Prove by induction $ 1 + 3 + 5 ... + (2n - 1) = n^2, \forall n\in \Bbb Z $
(This is the exact question taken from my Discrete Math class final exam, i don't misread anything)
I could prove it if it was $ \forall n \in \Bbb N^\ast $, however. But it was $\forall n\in \Bbb Z$. So what happen if $n\le0$. Could anyone clarify it for me? Thanks in advance for any help you are able to provide.
On
You want to prove that $\sum_{1 \le k \le n} (2 k - 1) = n^2$ by induction over $n$.
Base: When $n = 1$, it reduces to $1 = 1^2$, which is true.
Induction: Assume it is true for $n = m$, consider the next case:
$\begin{align} \sum_{1 \le k \le m + 1} (2 k - 1) &= \sum_{1 \le k \le m} (2 k - 1) + 2 m + 1 \\ &= m^2 + 2 m + 1 \\ &= (m + 1)^2 \end{align}$
Thus the purported identity is valid for $n = m + 1$.

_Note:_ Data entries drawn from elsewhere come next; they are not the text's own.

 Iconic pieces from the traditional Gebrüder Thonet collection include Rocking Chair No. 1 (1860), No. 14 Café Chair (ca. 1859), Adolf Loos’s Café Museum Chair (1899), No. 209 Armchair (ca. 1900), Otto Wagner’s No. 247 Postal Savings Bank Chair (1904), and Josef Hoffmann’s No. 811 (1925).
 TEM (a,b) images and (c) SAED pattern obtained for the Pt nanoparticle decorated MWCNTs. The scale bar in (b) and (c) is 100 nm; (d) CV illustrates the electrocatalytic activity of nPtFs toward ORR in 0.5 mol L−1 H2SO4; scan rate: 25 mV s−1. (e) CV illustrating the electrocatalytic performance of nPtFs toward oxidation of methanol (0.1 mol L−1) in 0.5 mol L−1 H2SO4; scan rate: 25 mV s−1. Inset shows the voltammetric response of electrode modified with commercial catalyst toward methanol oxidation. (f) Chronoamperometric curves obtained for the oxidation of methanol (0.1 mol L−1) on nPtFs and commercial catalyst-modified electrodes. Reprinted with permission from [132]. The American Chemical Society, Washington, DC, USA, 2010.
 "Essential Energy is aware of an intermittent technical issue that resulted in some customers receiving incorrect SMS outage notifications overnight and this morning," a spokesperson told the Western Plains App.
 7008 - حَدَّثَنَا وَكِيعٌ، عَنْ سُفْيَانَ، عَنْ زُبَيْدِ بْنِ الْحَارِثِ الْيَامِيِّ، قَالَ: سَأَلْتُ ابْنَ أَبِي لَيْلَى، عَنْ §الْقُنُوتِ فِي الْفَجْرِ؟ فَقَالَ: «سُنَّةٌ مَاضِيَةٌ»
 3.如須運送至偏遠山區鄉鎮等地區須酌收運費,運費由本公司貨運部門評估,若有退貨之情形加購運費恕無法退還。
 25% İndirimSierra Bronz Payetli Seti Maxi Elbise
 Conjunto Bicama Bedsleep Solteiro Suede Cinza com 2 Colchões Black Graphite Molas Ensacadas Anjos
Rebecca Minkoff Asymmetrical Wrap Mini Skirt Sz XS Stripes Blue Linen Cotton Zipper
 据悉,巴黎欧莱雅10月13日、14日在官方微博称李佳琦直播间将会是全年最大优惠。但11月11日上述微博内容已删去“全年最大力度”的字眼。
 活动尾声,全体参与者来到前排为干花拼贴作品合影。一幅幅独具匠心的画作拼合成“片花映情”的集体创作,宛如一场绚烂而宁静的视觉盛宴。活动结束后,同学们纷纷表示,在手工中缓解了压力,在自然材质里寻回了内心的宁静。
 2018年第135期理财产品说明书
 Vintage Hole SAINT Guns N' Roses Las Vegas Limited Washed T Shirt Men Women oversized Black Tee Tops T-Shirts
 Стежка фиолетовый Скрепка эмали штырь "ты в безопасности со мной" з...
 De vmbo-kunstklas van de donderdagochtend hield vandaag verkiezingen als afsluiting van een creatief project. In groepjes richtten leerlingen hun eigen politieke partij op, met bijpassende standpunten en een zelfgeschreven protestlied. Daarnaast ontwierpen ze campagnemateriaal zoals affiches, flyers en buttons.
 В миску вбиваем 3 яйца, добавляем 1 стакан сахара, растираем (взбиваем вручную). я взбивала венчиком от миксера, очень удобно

By induction, we conclude that it is valid for $n \in \mathbb{N}$.
On
This question is unclear. Is it
\begin{cases} \sum_{i=0}^n 2i+1, & \text{if $n$ is positive} \\[2ex] -1 \cdot \sum_{i=0}^n 2i+1, & \text{if $n$ is negative} \end{cases}
or
$$\sum_{i=0}^{|n|} 2i+1$$
or something else completely? In the third case, I can't help you. In the first case, it is false due to the fact that for all $n \in \Bbb Z$, $n^2$ is positive or equal to 0. In the second case, it is true due to the proof by induction by @vonbrand above me and due to the fact that for all $n \in \Bbb N, n^2 = (-n)^2.$
You should read the series as ${\displaystyle\sum_{1 \le i \le n}} (2i-1)$. When $n < 1$ it's the empty sum, $0$. So the statement is, in fact, false for $n < 0$, though true for $n=0$.